● Activity: Nothing should appear in the answer except the lines below from the line containing "Modern Design &" through the line containing "Yun Otoño e", copied exactly, with pictures left out.

● Task material:
==*==

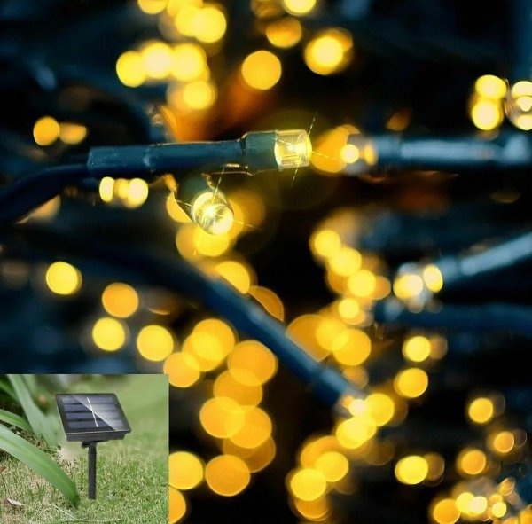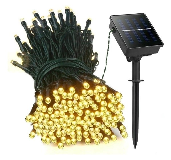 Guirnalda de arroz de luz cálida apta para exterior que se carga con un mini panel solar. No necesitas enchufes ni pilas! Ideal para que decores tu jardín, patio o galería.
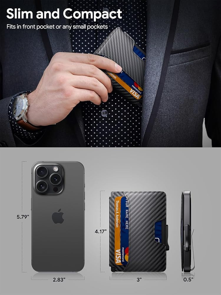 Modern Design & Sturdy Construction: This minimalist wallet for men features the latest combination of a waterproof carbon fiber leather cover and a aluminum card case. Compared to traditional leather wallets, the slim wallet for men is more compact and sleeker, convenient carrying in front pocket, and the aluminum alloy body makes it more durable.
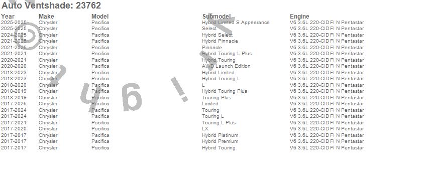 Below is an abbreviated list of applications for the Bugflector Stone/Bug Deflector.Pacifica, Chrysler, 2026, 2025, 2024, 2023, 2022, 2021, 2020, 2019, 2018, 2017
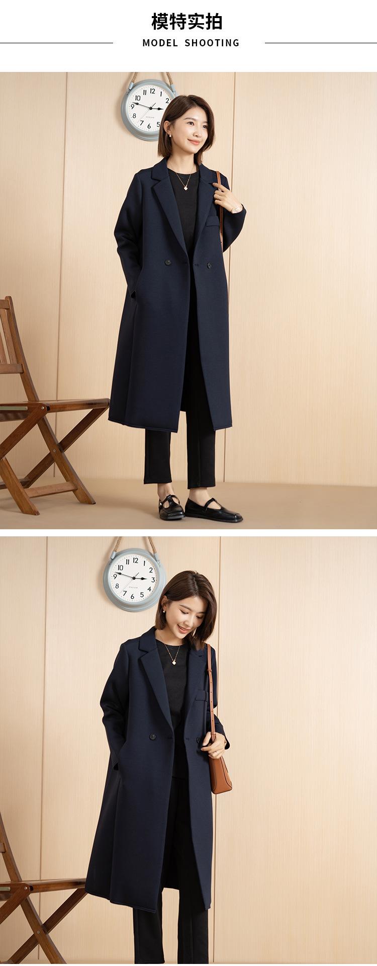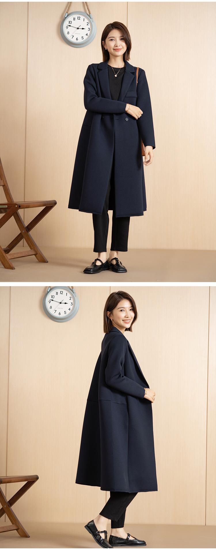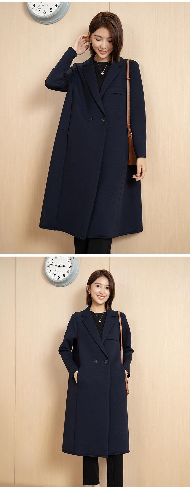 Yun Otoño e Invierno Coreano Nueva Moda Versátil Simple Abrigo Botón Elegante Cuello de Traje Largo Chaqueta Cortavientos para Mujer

==*==

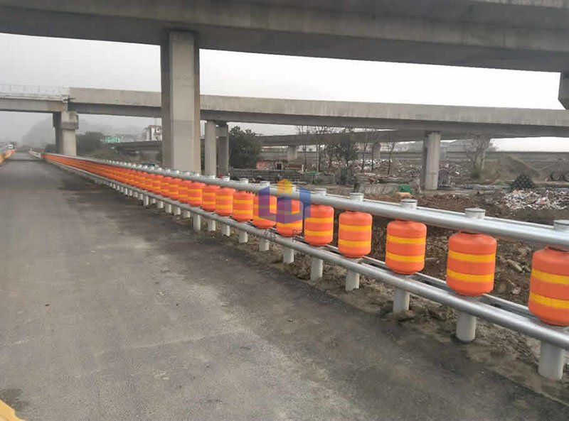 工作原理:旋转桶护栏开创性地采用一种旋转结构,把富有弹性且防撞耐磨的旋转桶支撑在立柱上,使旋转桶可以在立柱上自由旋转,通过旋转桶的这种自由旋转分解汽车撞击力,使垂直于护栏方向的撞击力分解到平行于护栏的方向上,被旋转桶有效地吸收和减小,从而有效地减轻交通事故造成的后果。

==*==

● Result below:
 Modern Design & Sturdy Construction: This minimalist wallet for men features the latest combination of a waterproof carbon fiber leather cover and a aluminum card case. Compared to traditional leather wallets, the slim wallet for men is more compact and sleeker, convenient carrying in front pocket, and the aluminum alloy body makes it more durable.
 Below is an abbreviated list of applications for the Bugflector Stone/Bug Deflector.Pacifica, Chrysler, 2026, 2025, 2024, 2023, 2022, 2021, 2020, 2019, 2018, 2017
 Yun Otoño e Invierno Coreano Nueva Moda Versátil Simple Abrigo Botón Elegante Cuello de Traje Largo Chaqueta Cortavientos para Mujer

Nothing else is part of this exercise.